Advisor: Leslie W. Chan, Ph.D.    (Biomedical Engineering, Georgia Institute of Technology & Emory)

Committee:

M.G. Finn, Ph.D.                              (Chemistry and Biochemistry, Georgia Institute of Technology)

Andrés J. García, Ph.D.                   (Mechanical Engineering, Georgia Institute of Technology)

Rheinallt M. Jones, Ph.D.              (Pediatrics, Emory)

Gabe A. Kwong, Ph.D.                     (Biomedical Engineering, Georgia Institute of Technology & Emory)

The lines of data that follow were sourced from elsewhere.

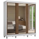 Com três portas de correr que deslizam suavemente graças aos trilhos de alumínio, o guarda-roupa otimiza o espaço, garantindo praticidade no dia a dia. As portas contam com espelhos que ampliam o ambiente e trazem ainda mais funcionalidade. Essa versão do Reno vem com pés, o que facilita a limpeza e dá um toque moderno ao design.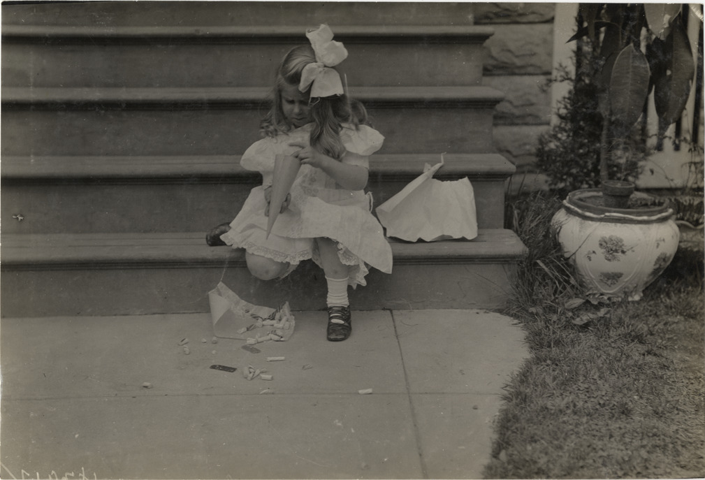View of young girl sitting on steps and holding a paper cone filled with candy during the 1908 Grand Prize races in Savannah, Georgia. Stamped on back: "Spooner & Wells, Inc., photographers, telephones 3472-3473 Columbus, 1931 Broadway, New York." Handwritten on back: "Races and racing--Grand Prize races, 1908."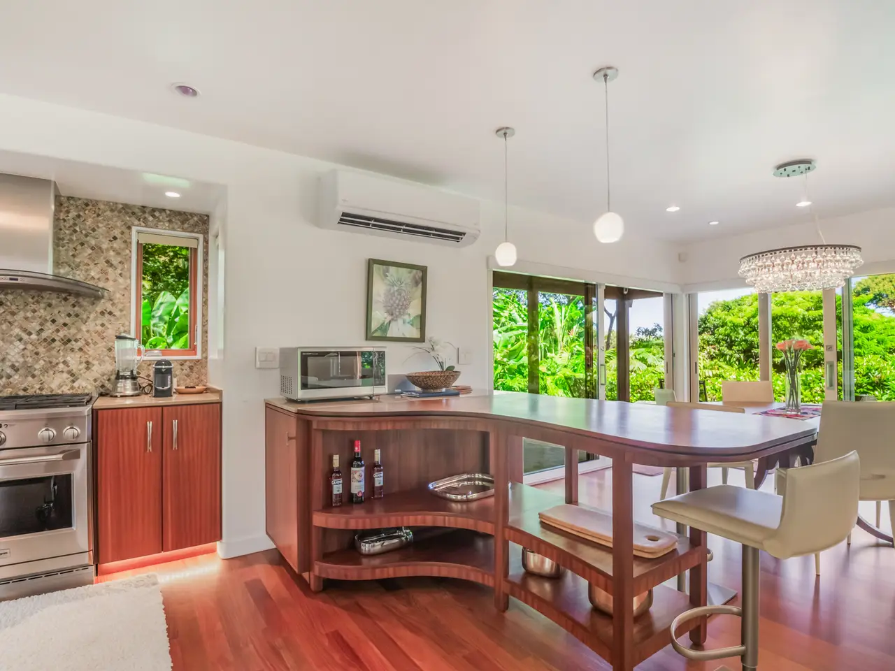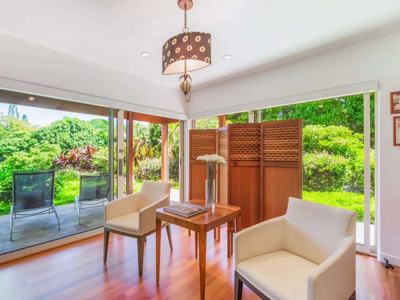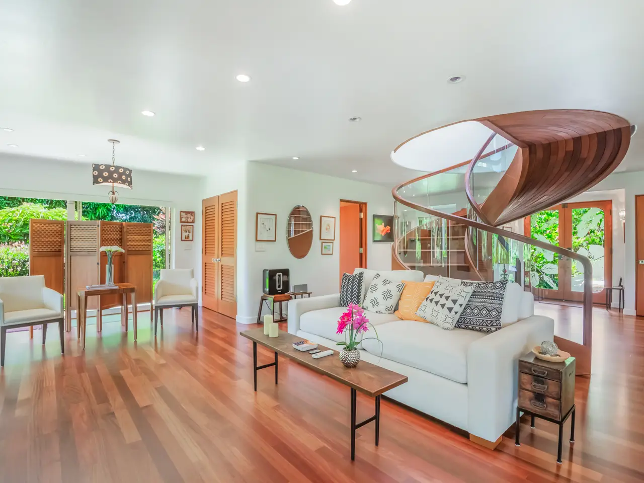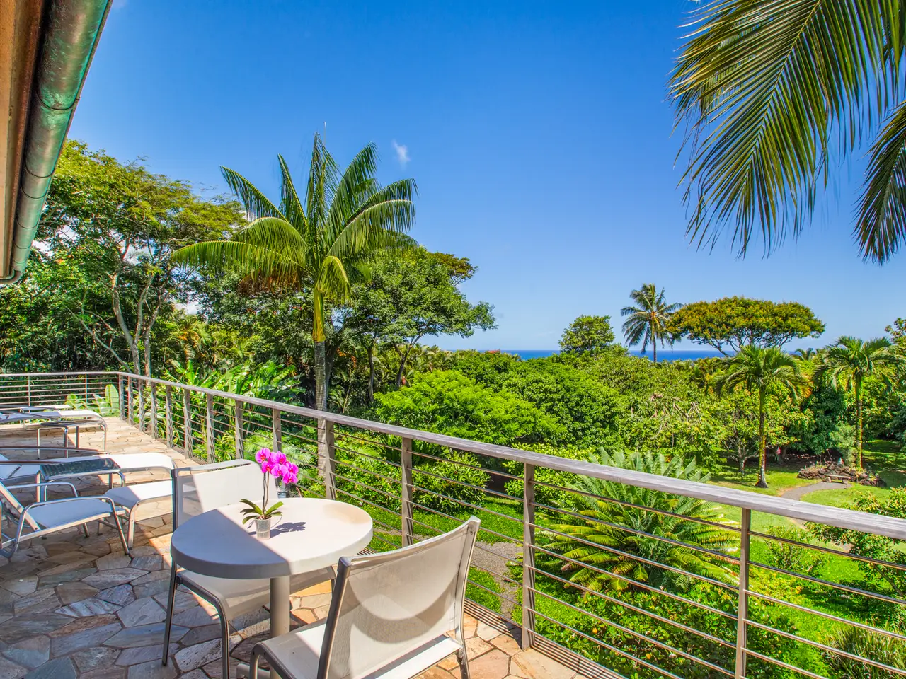 Set above one of Kauai’s most iconic stretches of coastline, this 1.3-acre property offers private, deeded access to coveted Secret Beach via a scenic footpath. Built just 10 years ago and meticulously maintained by its original owner, the 2,000 sqft residence is tucked into a lush botanical landscape with ocean views and a focus on indoor/outdoor living. Sapele wood flooring runs throughout, with tile and stone finishes in the bathrooms. A sculptural Sapele wood and glass floating staircase anchors the two-story layout. Upstairs, the main living space opens to an expansive lanai with sweeping ocean and sunset views. Multiple sliding doors and well-placed windows bring in natural light and steady trade winds, blending the interior spaces with the surrounding gardens. The home is fully air-conditioned and equipped with a whole-house water purification system, electric tankless water heater, and a 14-panel owned photovoltaic system. Additional highlights include a dedicated dance or exercise room, a tropical outdoor shower off the half bath, and copper gutters and trim. Infrastructure is in place to support future additions, including underground electrical for a potential pool. An attached garage and carport offer ample storage for all the gear needed to enjoy Kauai’s outdoor lifestyle. Select custom furnishings are included, and concept plans are available to expand the residence into a 3-bedroom, 3.5-bath estate. A private, well-executed retreat in one of the North Shore’s most sought-after locations—just minutes from Kilauea town, the historic lighthouse, world-class golf in Princeville, and a collection of Kauai’s finest beaches.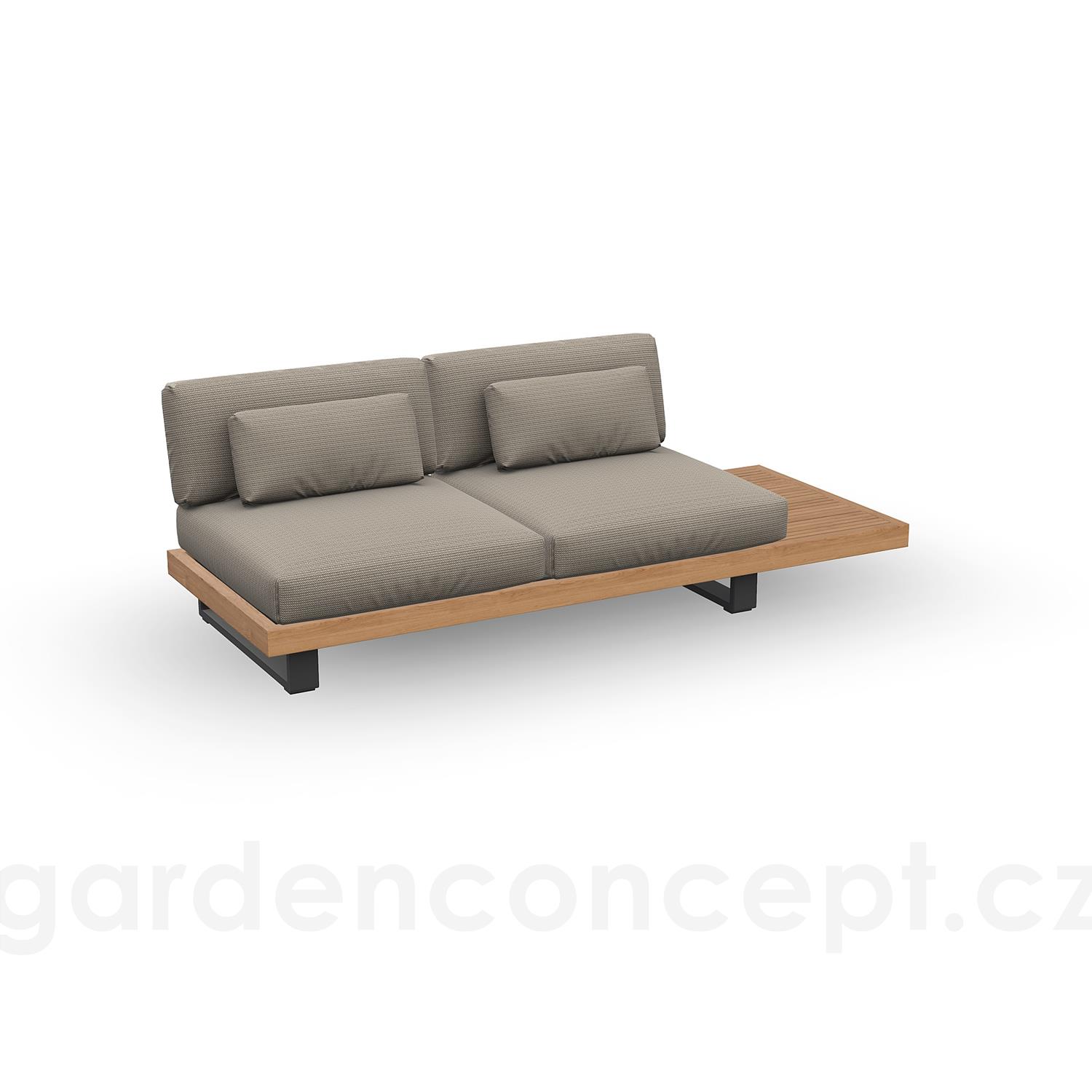 Ukončovací díl 2-místný s odkládacím stolkem Truro, Jati Kebon, 230x90x60 cm, rám teak/hliník barva charcoal mat, bez polstrů

Engineering Ingestible Probes for Breath-based Detection of Gastrointestinal Diseases

Gastrointestinal (GI) diseases are a significant healthcare burden and affect 70 million people in the United States. Endoscopic imaging plays a crucial role in the diagnosis and clinical management of many GI diseases, including GI cancers, gastroesophageal reflux disease, and inflammatory bowel disease (IBD). However, its invasive nature deters individuals from recommended testing and hinders its routine use as a monitoring tool. Non-invasive blood and fecal biomarker testing have not superseded endoscopy as the gold standard as they frequently rely on single biomarkers, which offer poor disease specificity compared to diagnostic signatures comprised of multiple biomarkers. Unfortunately, conventional biomarker discovery is an arduous and oftentimes black-box process with many barriers to success. Therefore, this proposal seeks to establish a new paradigm to engineer biomarker signatures de novo for GI disease by leveraging dysregulated glycosidase activities in the GI tract. Thousands of distinct host and microbiome glycosidases catalyze the degradation of carbohydrates and shape the overall intestinal “glycome”. Dysregulated intestinal glycosidase activities contribute to GI pathologies via disruption of host-microbiome interactions, intestinal immunity, and gut barrier function. To harness these activities for breath biomarker production, I will develop a new class of molecular probes that are ingestible and metabolized by pathologic glycosidase activities into volatile reporters that are exhaled and detectable in breath. Probe arrays will be designed so that probes for orthogonal glycosidases are barcoded with volatile reporters of distinct mass (i.e. volatile barcodes). Barcode concentrations in breath will be quantified via mass spectrometry and used to build classifiers of GI disease using machine learning. Altogether, I expect the catalytic processing of barcoded probe arrays by intestinal glycosidases will produce amplified, multiplexed breath signals for detection via simple breath testing. To build this platform, I will establish modular chemistries to synthesize probe arrays (Aim 1), characterize probe pharmacokinetics and breath signals after oral delivery (Aim 2), and develop probe arrays for breath-based detection of GI disease in mouse models of IBD and colorectal cancer (Aim 3).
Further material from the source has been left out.